Trongsa Dzong is associated with political figures such as Penlop Jigme Namgyel uniting the Bhutanese against the British and defeating them in the Duar Wars. It is also associated with his son, Gongsar Ugyen Wangchuck, who became the first hereditary king of the current Wangchuck dynasty.
However, Trongsa Dzong is also a very important religious monument. It is considered as the abode Palden Lhamo (Sri Devi in Sanskrit), one of three supreme protector deities of Bhutan.
Legend has it that the first temple of Dzong, the Sangye Mithrupa (Buddha Akshobya) Lhakhang, was established by yongzin Ngagi Wangchuk (1517-1554), the great grandfather of Zhabdrung Ngawang Namgyel, who was guided here by the deity.
When he arrived at Willing village, a hamlet towards the north, overlooking the Trongsa Dzong, he saw a flickering light at night emitting from this place. He checked out the next day to find some hoofmarks, which he believed were of the donkey of Palden Lhamo. It was as he saw in his vision. He then established a retreat centre in 1543, out of which grew to what we see today. The hoofmarks are still visible today – right at the main east entrance.
Trongsa means “new village”, a term that was used to refer to the retreat centre that quickly grew into a village of meditators and yogi, under the guidance and patronage of Ngagi Wangchuk.
As usual, I had dropped by the Dzong to just visit the Nyekhang, but stumbled upon the most-sacred and annual propitiating rituals to the eight protector deities of Trongsa happening. The ritual requires the respective mounts of the deities to be brought to the dzong and filed in the courtyard. Palden Lhamo’s mount is a donkey (in the picture).
My point of contact there, Lam Dorji, was very pleased that I showed up on such an auspicious day without prior knowledge. “It is great tendrel, as we say, that you just dropped by and came across this being conducted,” he kept saying as he whisked me from one temple to another. “This time I also want to show you where Chojey Minjur Tempa lived,” he said. And he showed me a small chapel near the main prayer hall. And then the kuenra of the Buddhas of the Three Eras.
Trongsa Dzong has some 27 temples and it is impossible to visit all at one go, especially if I am just dropping by to pay respects at the temple of Palden Lhamo, and resume my journey.
“It is good you do that, though.
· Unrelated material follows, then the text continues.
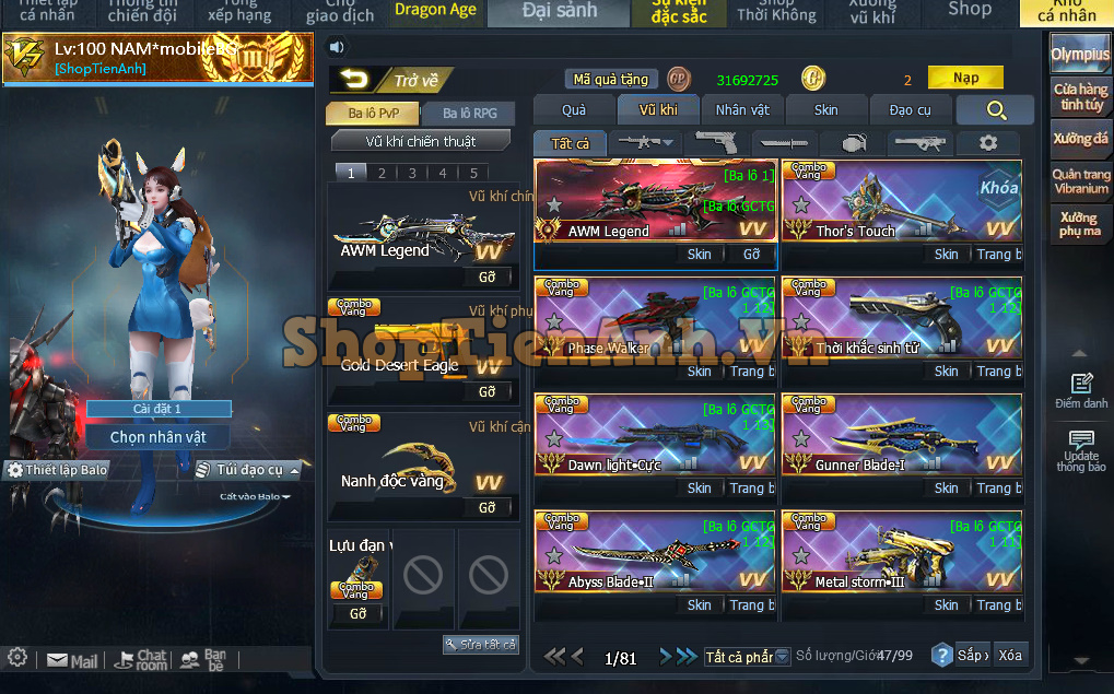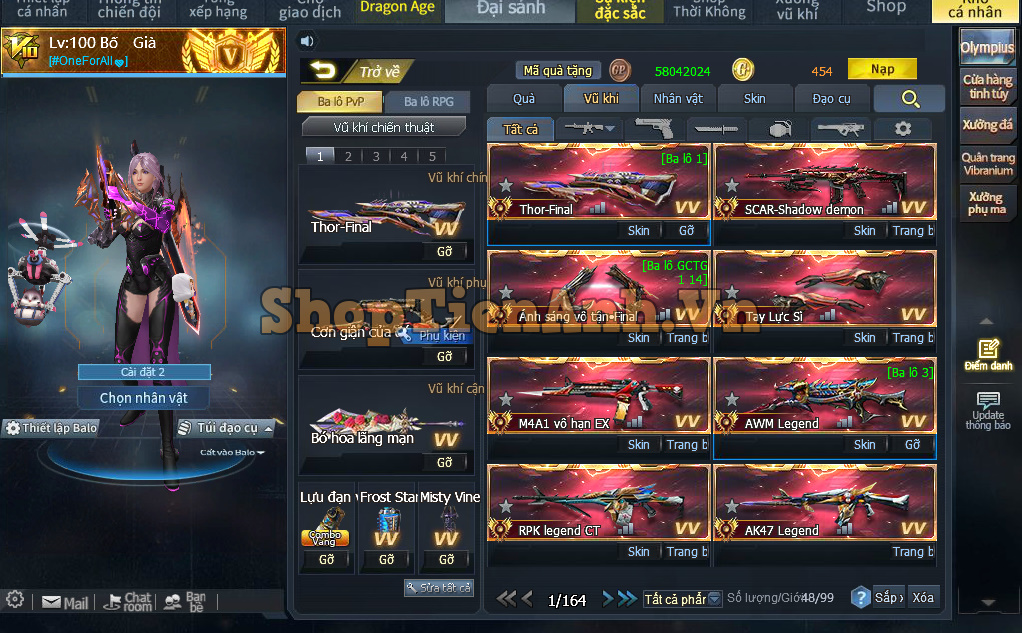 Acc có: Siêu Phẩm Miền Nam cân all chế độ RPG gần 7m lực chiến đồng bộ 2D max,rìu max..Nhân vật Ma Đồng full bộ đỏ..full bộ sưu tập vũ khí kim cương 2025..Đáng để Ae đầu tư đua top.

While there are other places in Bhutan where Palden Lhamo is also believed to reside, or invoked, Trongsa Dzong is more sacred for two reasons,” says Lama Dorji. “First, there is separate chamber for Palden Lhamo unlike anywhere else. Second, since the time of Ngagi Wangchuk, the soelka has been offered without interruption for over 500 years.”
And, of course, without doubt it is one of the most visually stunning dzongs of Bhutan, built like a castle in the air.